01 Feb

I wanted to be a nun … I always believed in God.
I watched as my parents argued and fought … they divorced.
My dad moved to another state and remarried without our knowledge.
My mom believed she was a lesbian and took a female partner.
I had to grow up quick.
I was so angry that I became a wrecking ball destroying myself.

Gifts, you mean God appoints us gifts? Somehow as a young person, I felt God helped me define the gifts He had for me early in life, but it has taken the rest of my life until now to realize that was what was happening. Raised Catholic and attending Catholic grade school, my biggest desire at that time was to be a nun. I always believed in God.

I knew Jesus was there. But at 10 years old, life was not so much fun anymore. I watched as my parents argued and fought. I saw my mom falling down a flight of stairs, my dad’s badly cut up finger, and then there was the gun! They divorced. Things kept deteriorating in my family that I didn’t understand. My dad moved to another state and remarried without our knowledge.

I could have been angry and bitter, but Jesus started teaching me the gift of taking “bad” and turning it to “good”. So I accepted that I had gained a new stepmom who had a good heart. She showed my brother and me that we didn’t lose a dad, but instead gained a new family.

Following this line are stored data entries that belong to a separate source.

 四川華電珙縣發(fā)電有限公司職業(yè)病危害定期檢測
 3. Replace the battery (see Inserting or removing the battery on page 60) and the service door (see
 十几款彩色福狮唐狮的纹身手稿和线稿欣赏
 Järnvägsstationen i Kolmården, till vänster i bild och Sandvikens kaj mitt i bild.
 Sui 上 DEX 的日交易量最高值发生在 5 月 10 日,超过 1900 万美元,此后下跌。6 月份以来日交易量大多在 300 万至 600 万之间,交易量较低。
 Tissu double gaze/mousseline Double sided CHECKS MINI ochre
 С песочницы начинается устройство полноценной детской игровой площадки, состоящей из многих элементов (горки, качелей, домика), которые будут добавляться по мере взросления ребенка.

My mom believed she was a lesbian and took a female partner. My mother became very ill with Lupus and was difficult to be around. Her new partner helped us to stay stable. However, my mom took lots of medicine which made her dysfunctional. I had to quickly grow up. That’s when new gifts of mine came forth – caregiving, running a household and, along with my brother, we became kennel kids to over 30 dogs.

My escape became high school. My brother was able to go on to Catholic high school on a grant. My parents felt I wasn't smart enough so I entered the public high school that was laced with drugs, and found myself trying to fit in somewhere. Here is the miracle; Jesus was guiding me patiently to good friends, great teachers, and my high school sweetheart who I later married.

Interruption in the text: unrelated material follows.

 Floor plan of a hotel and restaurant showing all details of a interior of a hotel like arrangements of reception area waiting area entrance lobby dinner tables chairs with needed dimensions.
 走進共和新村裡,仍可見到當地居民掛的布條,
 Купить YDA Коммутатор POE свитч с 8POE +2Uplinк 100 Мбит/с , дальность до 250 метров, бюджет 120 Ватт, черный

Married life was good, providing stability as well as two "new parents" who loved me unconditionally. Jesus blessed us with two beautiful children to raise for Him!

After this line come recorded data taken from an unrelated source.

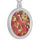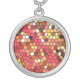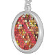 This brilliantly colored necklace features a flowing mosaic pattern of thousands of pentagons in shades of red, pink, orange, brown, yellow, gold and white!
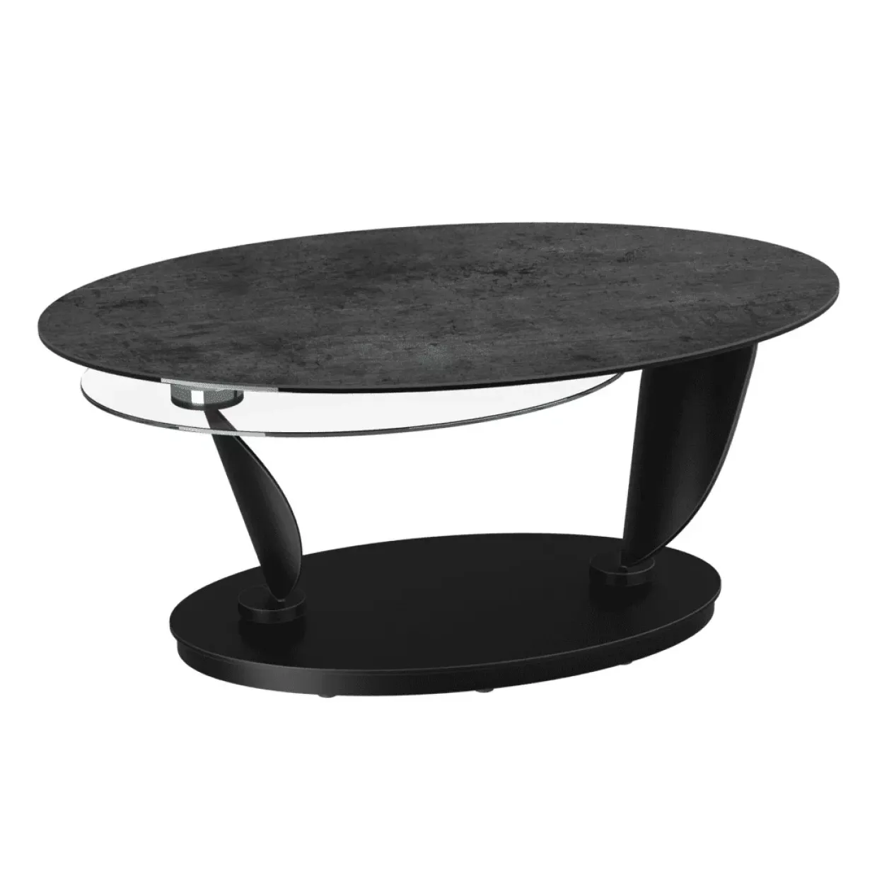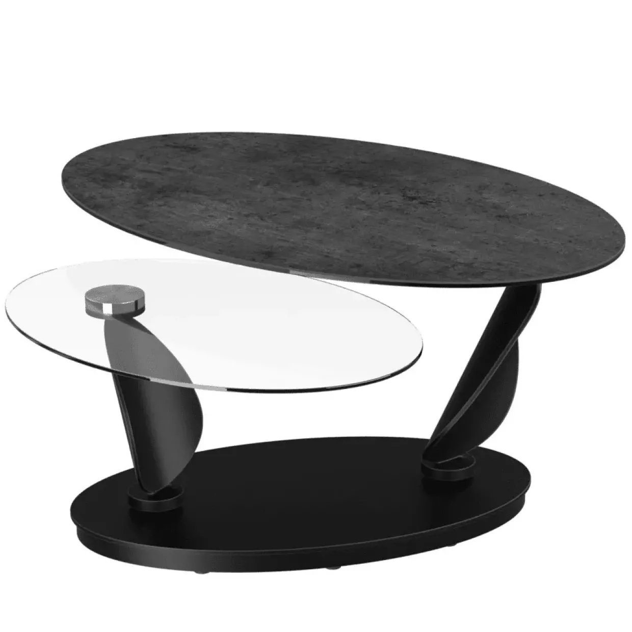 Temperglas von 10 mm Stärke ziert die untere Platte dieses modernen Couchtischs und verleiht ihm eine elegante Note. Die drehbare Funktion dieser Platte ermöglicht es, den Tisch flexibel an Ihre Bedürfnisse anzupassen. Gegensätzlich dazu thront die obere Platte mit einer faszinierenden Kombination aus 3 mm Keramik, geklebt auf 6 mm Glas. Diese spezielle Konstruktion sorgt nicht nur für Stabilität, sondern auch für eine außergewöhnliche Optik.
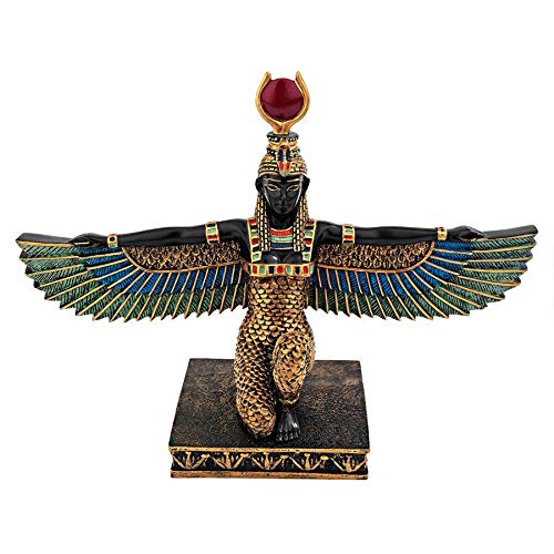 本產品需要付全數訂金訂貨,一般需時約 4-8 星期到貨。A regal depiction of Isis with spread wings. Detailed silvery base with gold and copper red highlights. Hand Painted Resin

After being married about 15-17 years, temptation came my way along with doubt. I realize the devil couldn't stand it any longer. I believed him and made regretful decisions that became harmful to me and to those I loved dearly. The devil also brought feelings and I began to believe that Jesus personally took my mother, my stepmother, mom’s partner, and hardest of all, my father-in-law, when they died. I believed the lie that it was my punishment because I had sinned.

I was so angry that I became a wrecking ball quickly destroying myself by doing things I never thought I would do.

But because of Jesus of love for me, He sent my best friend's father to help me realize Jesus truly loved me and that satan had lied. Receiving that revelation, I chose to believe Jesus loved me and to reject the lies of the enemy who only wanted to destroy me and all I loved.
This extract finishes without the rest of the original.